Hundreds of Vulnerabilities Found in Vast Majority of Android Smartphones

Yolanda Curtis
August 12, 2020

Apparently the issue lies in the Digital Signal Processor (DSP) chips that are used for audio signal and digital image processing. Sensitive data on your phone, such as bank card information, can be stolen due to this vulnerability.

Qualcomm chips are used in a wide range of phones from brands like Samsung, Xiaomi, Realme and more. CheckPoint tested the DSP chip and discovered over 400 vulnerable pieces of code.

Despite the above risks posed by these vulnerabilities, Check Point hasn't found any exploits in the real world.
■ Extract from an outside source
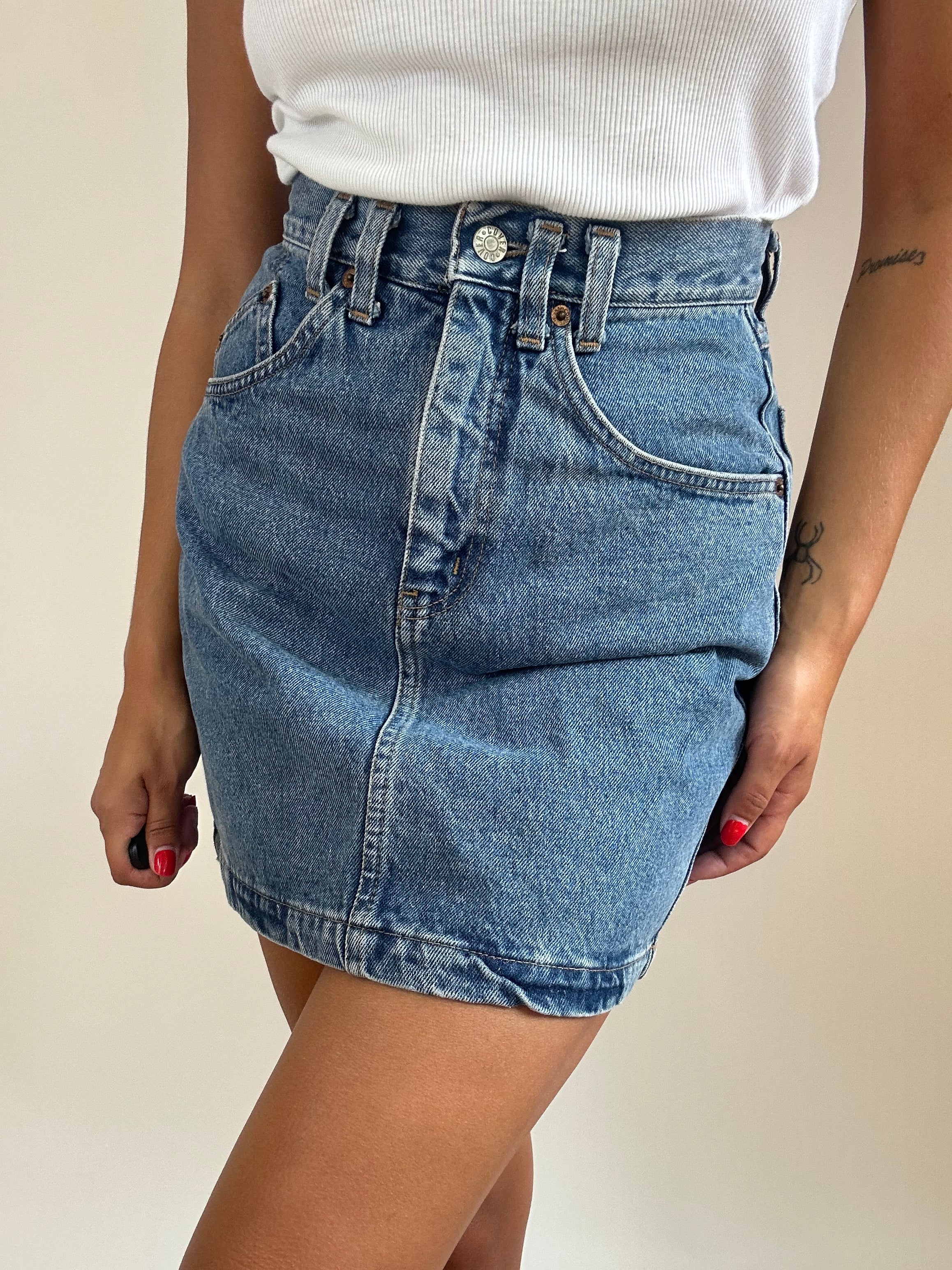 Gonna denim taglia 40 vita piatta: 36cm  Lunghezza totale: 42cm  Taglia Modello\a:  42IT x 1,70

More than a billion users of Android devices are at risk of hackers taking over their phones and rendering them unusable - or turning them into spying tools.


"Although Qualcomm has fixed the issue, it's sadly not the end of the story", Head of Cyber Research at Check Point, Yaniv Balmas, said.

According to Check Point, by way of Ars Technica, Google has yet to respond to inquiries regarding when or if the Qualcomm patches may be added to Android devices. The company has notified relevant government officials as well as relevant mobile firms, 'to assist them in making their handsets safer'. This would mean that your phone is pretty much worthless, and it is the sort of attack that is quite common when so many vulnerabilities are exposed. This could allow hackers to gain access to data including photos, videos, Global Positioning System and location data as well.

Additionally, the attacker would also be able to lock all the data stored on the phone and make the phone of no use at all to the user; this has been described as a "targeted denial-of-service attack" by the researchers.

Unfortunately, if anyone were to exploit the Achilles flaws to spy on you, you wouldn't have any way to tell.


Qualcomm has further clarified that it has no evidence regarding the current exploitation of vulnerabilities.

Oh, yeah, and the way Achilles works, you'd never even know your data was being siphoned off. Malware becomes invisible and impossible to remove.

While Qualcomm said there is no reported exploitation of such vulnerabilities, it advised customers to update their devices only with patches available in trusted locations like the Google Play Store. On top of that, this chipset flaw also allows attackers to use malware and other malicious code to completely hide their activities and become unremovable.

In response to the report, Qualcomm vowed to address the vulnerabilities.


As per Check Point's report, the vulnerabilities tracked as CVE-2020-11201, CVE-2020-11202, CVE-2020-11206, CVE-2020-11207, CVE-2020-11208, and CVE-2020-11209 can be exploited by attackers to track users.